Using the material below, return exactly the lines between the one holding "My emphasis added." and the one holding "이건 투숙객들에게 정말", inclusive, and no others.
____ EXERCISE INPUTS
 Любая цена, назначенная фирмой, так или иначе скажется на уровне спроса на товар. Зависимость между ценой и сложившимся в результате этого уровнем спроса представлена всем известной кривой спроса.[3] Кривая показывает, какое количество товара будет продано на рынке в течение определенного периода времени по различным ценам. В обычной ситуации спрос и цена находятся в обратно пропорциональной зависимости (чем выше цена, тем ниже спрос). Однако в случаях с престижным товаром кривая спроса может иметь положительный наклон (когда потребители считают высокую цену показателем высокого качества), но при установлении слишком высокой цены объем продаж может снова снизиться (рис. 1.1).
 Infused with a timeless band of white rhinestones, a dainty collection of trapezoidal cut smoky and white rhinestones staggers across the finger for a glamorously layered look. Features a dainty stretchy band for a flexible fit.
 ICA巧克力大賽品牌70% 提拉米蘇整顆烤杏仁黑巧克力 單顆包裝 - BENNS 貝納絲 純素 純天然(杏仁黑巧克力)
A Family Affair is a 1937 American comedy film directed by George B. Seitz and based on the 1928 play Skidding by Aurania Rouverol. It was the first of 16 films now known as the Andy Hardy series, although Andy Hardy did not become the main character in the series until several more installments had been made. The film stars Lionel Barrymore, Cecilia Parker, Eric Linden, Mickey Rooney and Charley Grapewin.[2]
________
____ EXERCISE INPUTS
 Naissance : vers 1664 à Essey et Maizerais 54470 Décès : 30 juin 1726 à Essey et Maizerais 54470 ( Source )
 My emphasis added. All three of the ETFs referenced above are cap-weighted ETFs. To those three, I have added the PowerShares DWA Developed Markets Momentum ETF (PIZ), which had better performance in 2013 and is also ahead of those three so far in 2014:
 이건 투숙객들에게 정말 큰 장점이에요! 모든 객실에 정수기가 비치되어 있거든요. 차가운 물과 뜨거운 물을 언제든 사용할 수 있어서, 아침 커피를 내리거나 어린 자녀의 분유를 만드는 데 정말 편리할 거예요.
________
____ EXERCISE INPUTS
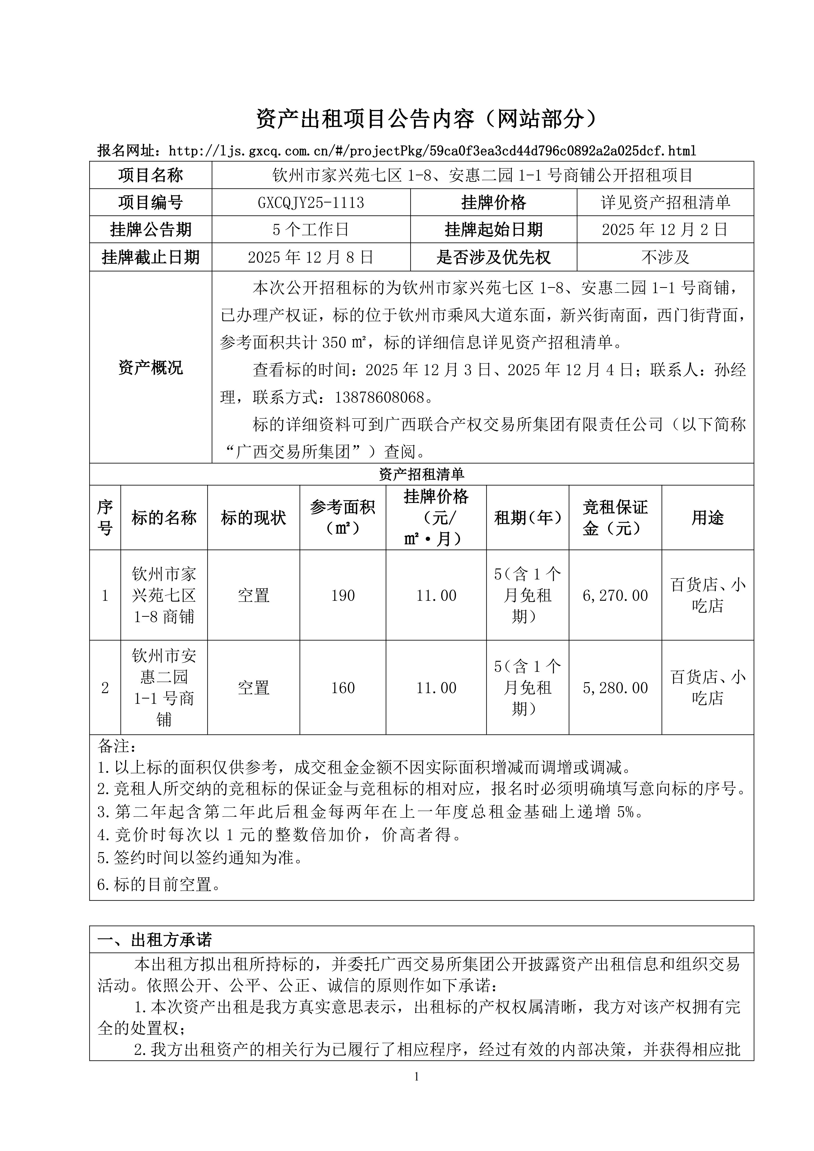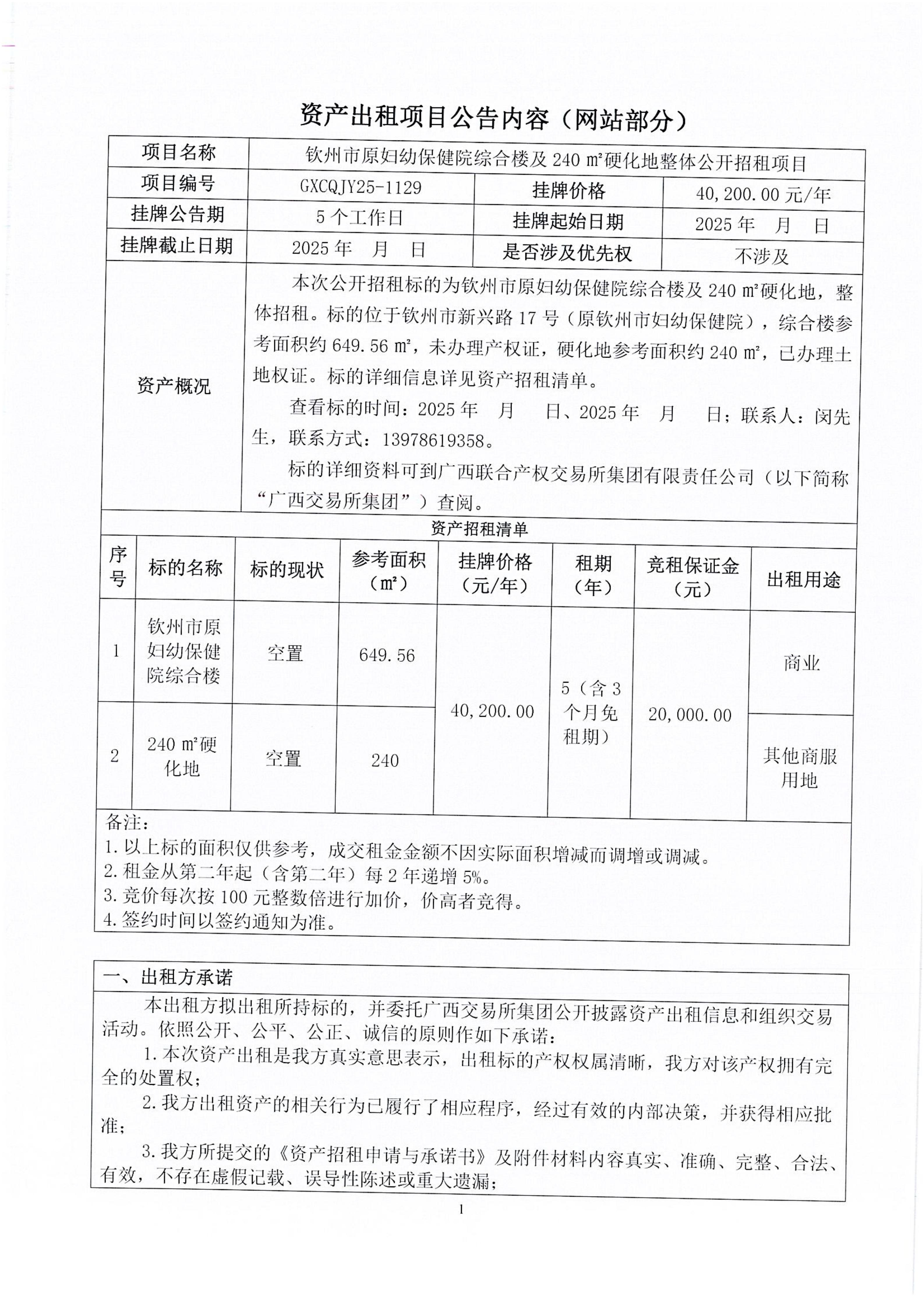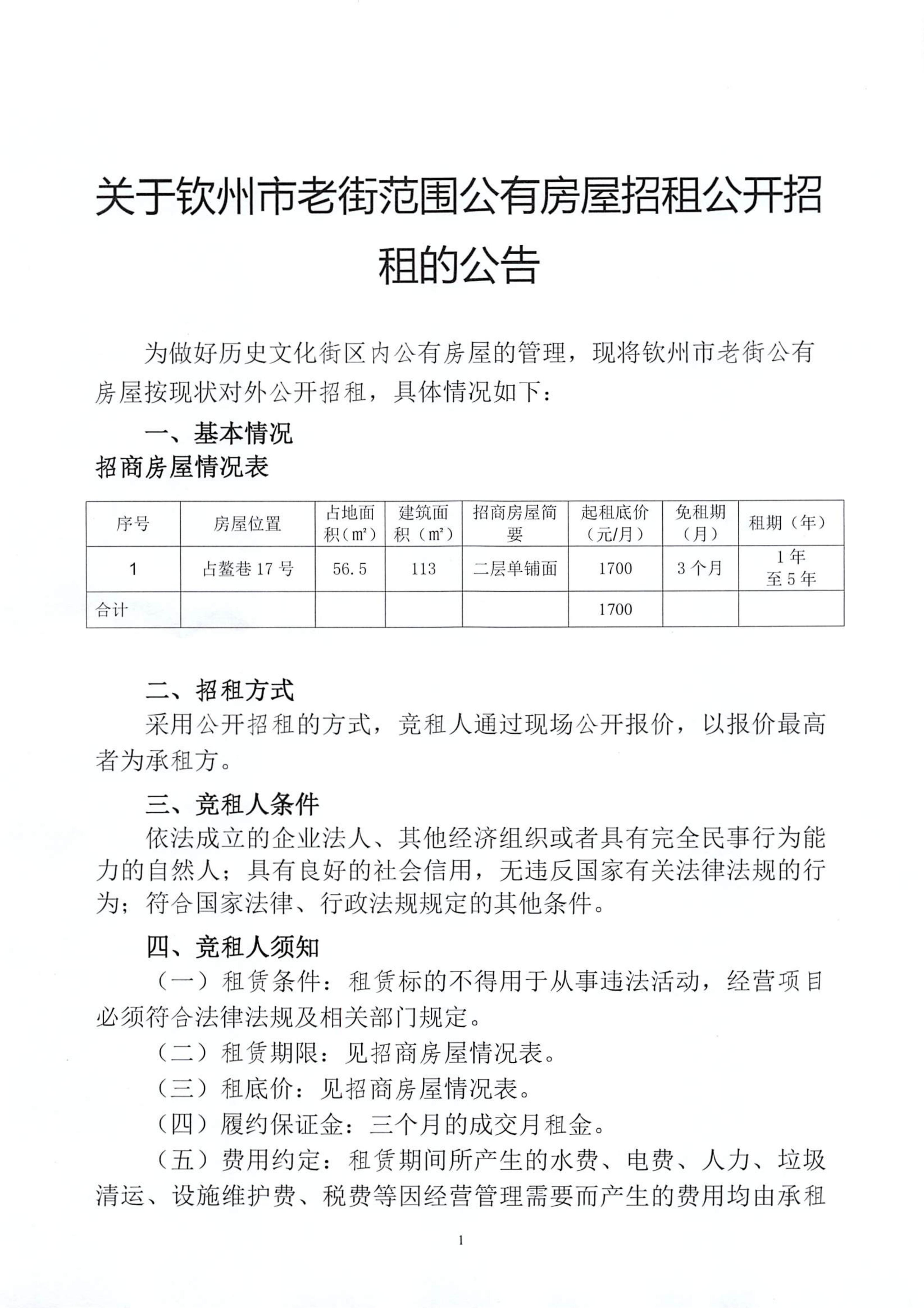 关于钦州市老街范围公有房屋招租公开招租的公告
________
• FINISHED TASK:
 My emphasis added. All three of the ETFs referenced above are cap-weighted ETFs. To those three, I have added the PowerShares DWA Developed Markets Momentum ETF (PIZ), which had better performance in 2013 and is also ahead of those three so far in 2014:
 이건 투숙객들에게 정말 큰 장점이에요! 모든 객실에 정수기가 비치되어 있거든요. 차가운 물과 뜨거운 물을 언제든 사용할 수 있어서, 아침 커피를 내리거나 어린 자녀의 분유를 만드는 데 정말 편리할 거예요.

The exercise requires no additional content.